Information shown
◇ ◇ ◇

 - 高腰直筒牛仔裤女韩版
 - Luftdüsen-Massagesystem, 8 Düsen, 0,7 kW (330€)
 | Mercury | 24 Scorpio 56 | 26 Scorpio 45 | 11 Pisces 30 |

◇ ◇ ◇

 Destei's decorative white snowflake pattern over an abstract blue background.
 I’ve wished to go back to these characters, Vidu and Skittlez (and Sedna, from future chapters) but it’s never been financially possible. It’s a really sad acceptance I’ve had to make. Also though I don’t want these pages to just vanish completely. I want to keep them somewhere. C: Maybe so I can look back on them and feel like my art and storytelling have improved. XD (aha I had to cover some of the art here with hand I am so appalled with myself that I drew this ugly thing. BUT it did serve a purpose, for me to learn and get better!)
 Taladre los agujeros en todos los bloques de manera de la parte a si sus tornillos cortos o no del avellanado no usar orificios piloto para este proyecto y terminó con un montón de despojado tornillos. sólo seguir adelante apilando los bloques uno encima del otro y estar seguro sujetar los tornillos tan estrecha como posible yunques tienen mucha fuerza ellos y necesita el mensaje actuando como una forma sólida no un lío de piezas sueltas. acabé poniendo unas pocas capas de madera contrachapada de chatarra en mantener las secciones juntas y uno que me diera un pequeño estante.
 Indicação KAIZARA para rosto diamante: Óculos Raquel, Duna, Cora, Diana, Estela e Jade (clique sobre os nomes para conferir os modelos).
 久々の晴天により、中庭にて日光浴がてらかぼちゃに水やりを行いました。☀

◇ ◇ ◇

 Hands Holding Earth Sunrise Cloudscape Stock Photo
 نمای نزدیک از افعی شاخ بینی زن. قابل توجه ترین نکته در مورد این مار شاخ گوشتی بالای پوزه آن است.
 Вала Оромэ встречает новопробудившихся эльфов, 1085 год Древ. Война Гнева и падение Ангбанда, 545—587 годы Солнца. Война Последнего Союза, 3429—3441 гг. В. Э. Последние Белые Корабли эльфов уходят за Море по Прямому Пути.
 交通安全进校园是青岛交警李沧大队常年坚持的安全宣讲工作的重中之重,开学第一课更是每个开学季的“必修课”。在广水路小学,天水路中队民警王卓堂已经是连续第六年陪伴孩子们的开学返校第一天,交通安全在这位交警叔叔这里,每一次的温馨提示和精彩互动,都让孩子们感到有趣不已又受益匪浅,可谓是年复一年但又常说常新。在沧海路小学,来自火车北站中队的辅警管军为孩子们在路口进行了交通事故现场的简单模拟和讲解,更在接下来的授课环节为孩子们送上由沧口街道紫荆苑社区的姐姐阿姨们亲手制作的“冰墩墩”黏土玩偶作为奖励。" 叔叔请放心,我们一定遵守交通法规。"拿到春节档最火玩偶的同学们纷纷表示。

◇ ◇ ◇

Work instruction
Give back, word for word, only the lines above from the line holding "Indicação KAIZARA para" to the line holding "久々の晴天により、中庭にて日光浴がてらかぼちゃに水やりを行いました。☀", both included.

Solved problem
 Indicação KAIZARA para rosto diamante: Óculos Raquel, Duna, Cora, Diana, Estela e Jade (clique sobre os nomes para conferir os modelos).
 久々の晴天により、中庭にて日光浴がてらかぼちゃに水やりを行いました。☀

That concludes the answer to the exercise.